Jet Pocket
- Company type: Privately held company
- Industry: Aerospace
- Founded: 1989
- Founder: Phillippe Jeorgeaguet
- Defunct: 2010
- Fate: Out of business
- Headquarters: Fourilles, France
- Products: Paramotors

= Jet Pocket =

French aircraft manufacturer

Jet Pocket (formally known as Air PLUM) was a French aircraft manufacturer based in Chantelle, Allier and later in Fourilles. It was founded by Phillippe Jeorgeaguet, who was world paramotor champion in 1999 and 2000. The company specialized in the design and manufacture of paramotors in the form of ready-to-fly aircraft for the US FAR 103 Ultralight Vehicles rules and the European microlight category.

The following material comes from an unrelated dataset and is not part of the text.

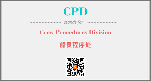 英文缩略词“CPD”经常作为“Crew Procedures Division”的英文缩写来使用,中文表示:“船员程序处”。本文将详细介绍英文缩写词CPD所代表英文单词,其对应的中文拼音、详细解释以及在英语中的流行度。此外,还有关于缩略词CPD的分类、应用领域及相关应用示例等。

The complete company name was La société Air PLUM, but its marketing positioned its Jet Pocket paramotor brand name ahead of the company name and it was most often just called Jet Pocket.

The company was founded in 1989 and seems to have gone out of business in 2010. It claimed to have been the first company to commercialize the concept of the paramotor in 1989. Reviewer Rene Coulon wrote in 2003 that "like many of their colleagues, Jet Pocket think that the quality of their products and the internet act as a substitute for a marketing plan."

Company paramotors were flown to first place in the World Paramotor Championships in 1996, 1997, 1998, 1999 and 2000, as well as winning many other championships.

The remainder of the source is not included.